Task requirements
The records are set out below this line. Return exactly the lines from the one containing "Realizzazione di un" through the last, and exclude the pictures.

Supplied records
___

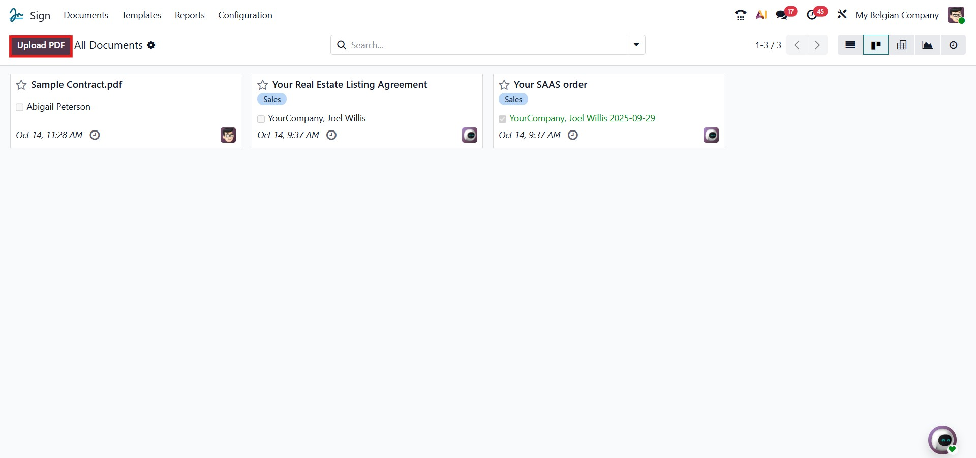 You can upload a new document for signing by clicking the Upload PDF button located at the top left of the Sign dashboard. This option allows you to select and upload a PDF file directly from your computer. Once uploaded, you can review the document and add the required signature fields. To digitally sign the document, simply select the uploaded file and proceed with the signing process within Odoo.
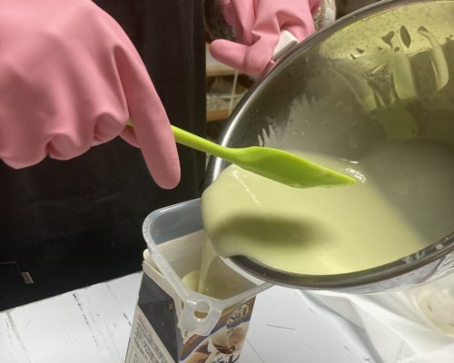 いよいよ混ぜ終わった生地を型に入れていきます。バラ型や円型など型の種類も様々。なめ子は、たくさん石けんを作りたかったので、牛乳パックで型取りをしました。
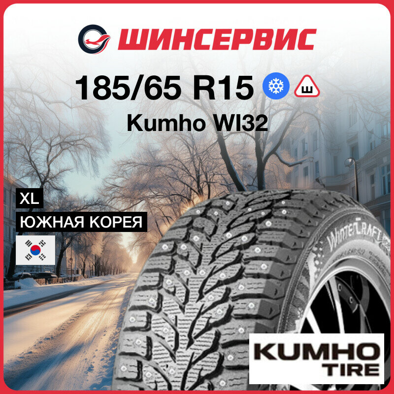Шины зимние для легковых автомобилей Кумхо 185/60/15 T 88 WI-32 XL Ш, шипованные, индикатор износа
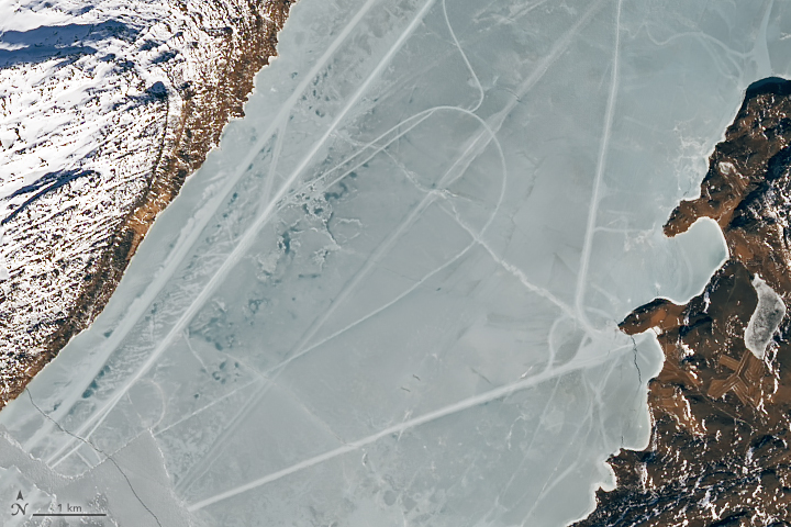 Nathan Kurtz and several other scientists in the Cryospheric Sciences Laboratory at NASA’s Goddard Space Flight Center reviewed the images. Their consensus was that many of the tracks, especially those that include loops, were likely produced by vehicles, such as snowmobiles. “It seems likely that residents from the town or nearby were out on the ice, possibly hunting or traveling,“ Kurtz said.
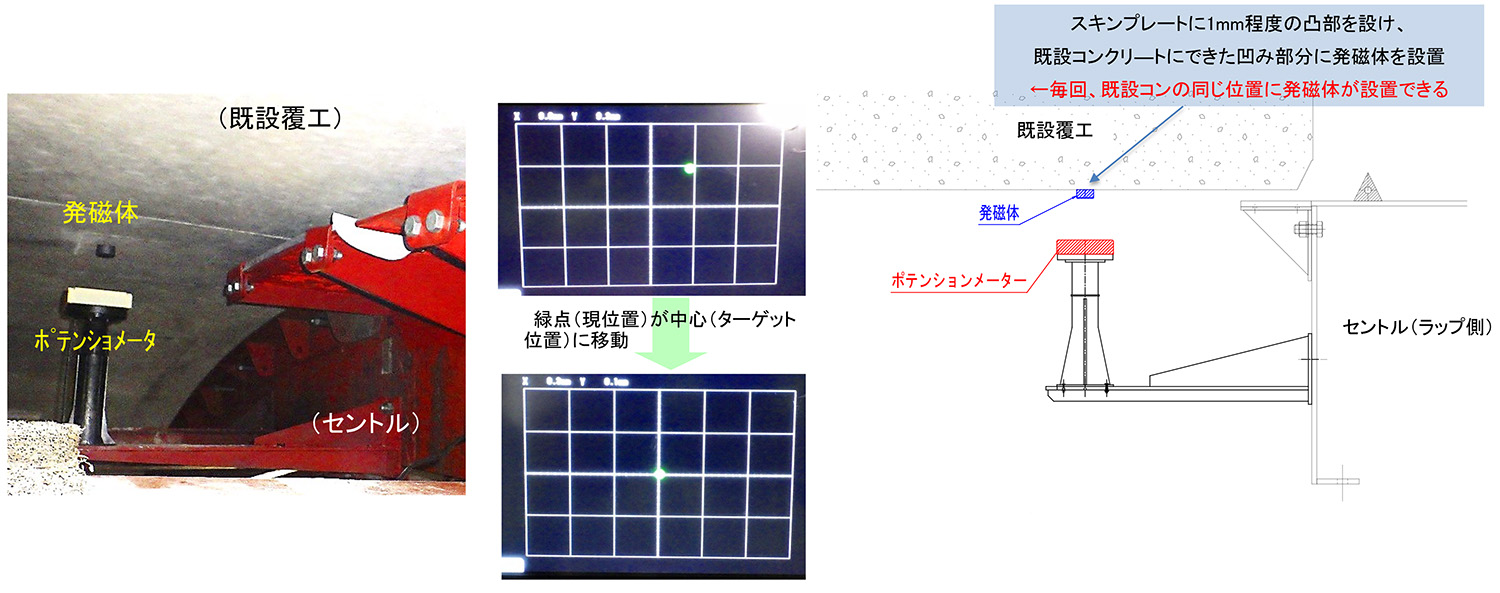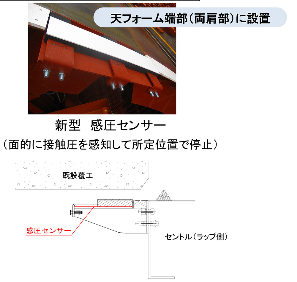 ①は、自動追尾トータルステーション(TS)でセントル位置を測定し、設計位置と実測位置の差分値をセントル制御盤に自動転送する。その後、制御盤からの指令で、天端や側フォームなどを設計位置に自動で移動してセットを完了することができる。先行打設した覆工コンクリートのラップ箇所は面的に接触圧を感知して、所定位置で自動停止できる新型接触式センサー(右図)を用いる。また、天端部には高精度ポテンションメーター(可変抵抗器)を利用した位置誘導装置(下写真)により、従来方法と同等の精度で迅速なセットを可能にしたものだ。
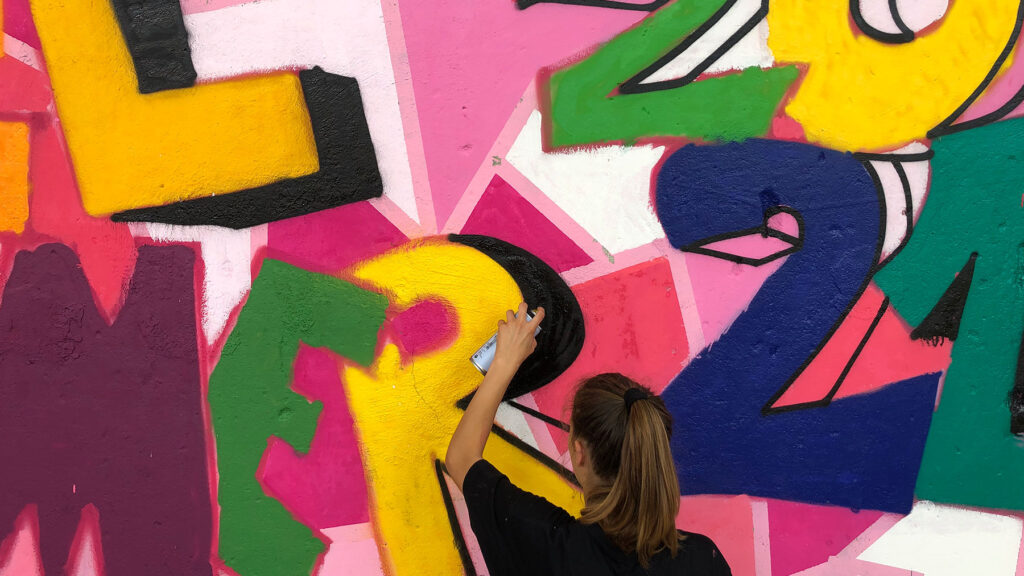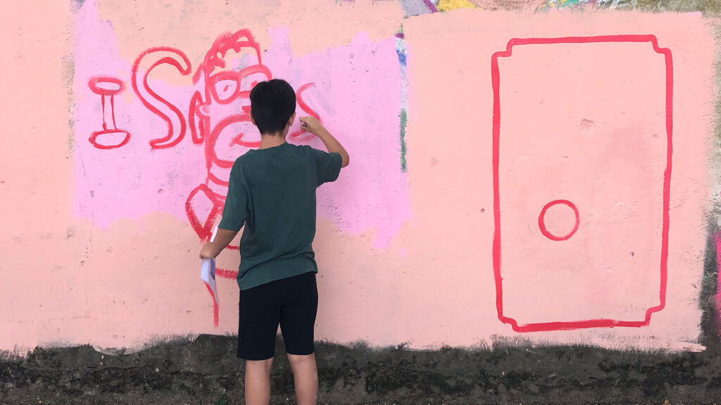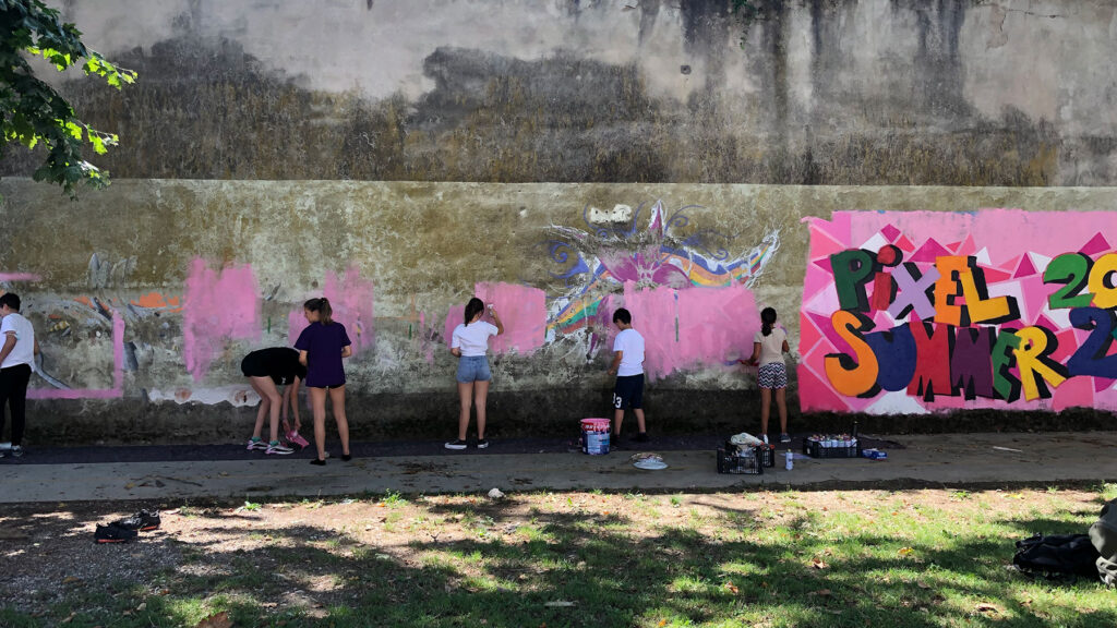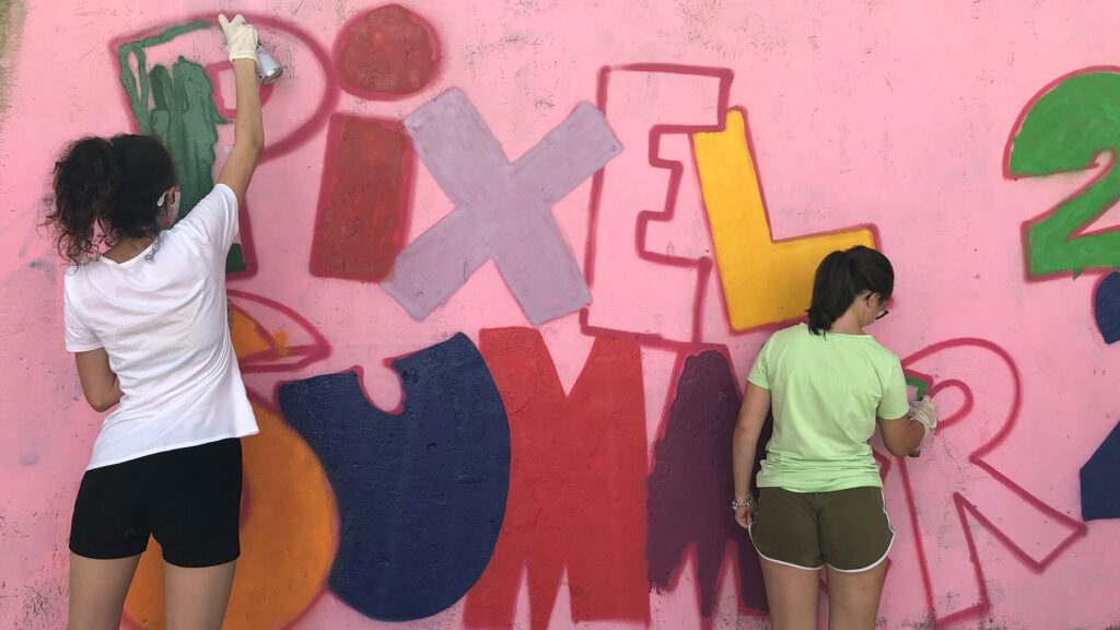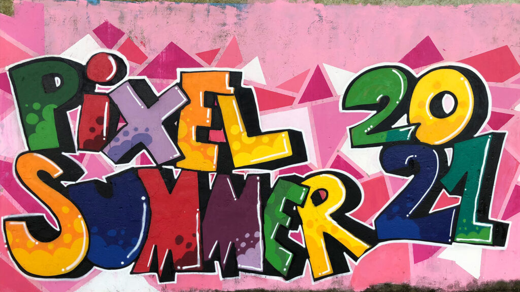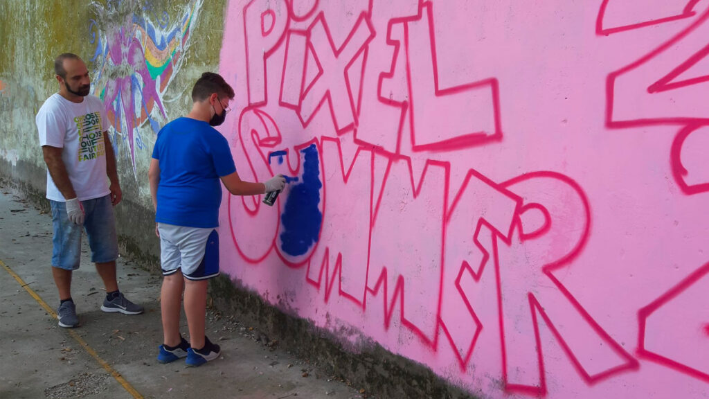 Realizzazione di un opera con scritto “Pixel Summer 2021” per avere un tema comune semplice, lettere tracciate      da me per spiegare e mostrare l’utilizzo delle bombolette mentre la successiva colorazione è stata opera totale dei ragazzi. I ritocchi finali (contorni e colpi di luce) sono stati realizzati da me solo per concludere il graffito togliendo errori grossolani e realizzando dei tratti che, per dei “novizi” risultano particolarmente complessi.
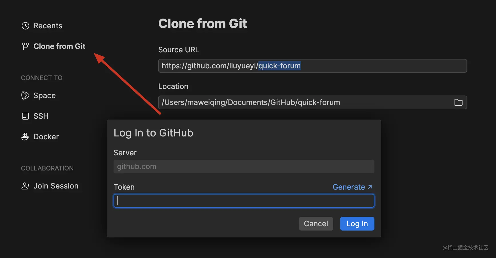 挺人性化的,提供了 Git、SSH、Docer 等链接方式。但不得不吐槽的事,Git 的方式还不够流畅,需要先去 generate 一个 token 才行。

___

Output for this task
 Realizzazione di un opera con scritto “Pixel Summer 2021” per avere un tema comune semplice, lettere tracciate      da me per spiegare e mostrare l’utilizzo delle bombolette mentre la successiva colorazione è stata opera totale dei ragazzi. I ritocchi finali (contorni e colpi di luce) sono stati realizzati da me solo per concludere il graffito togliendo errori grossolani e realizzando dei tratti che, per dei “novizi” risultano particolarmente complessi.
 挺人性化的,提供了 Git、SSH、Docer 等链接方式。但不得不吐槽的事,Git 的方式还不够流畅,需要先去 generate 一个 token 才行。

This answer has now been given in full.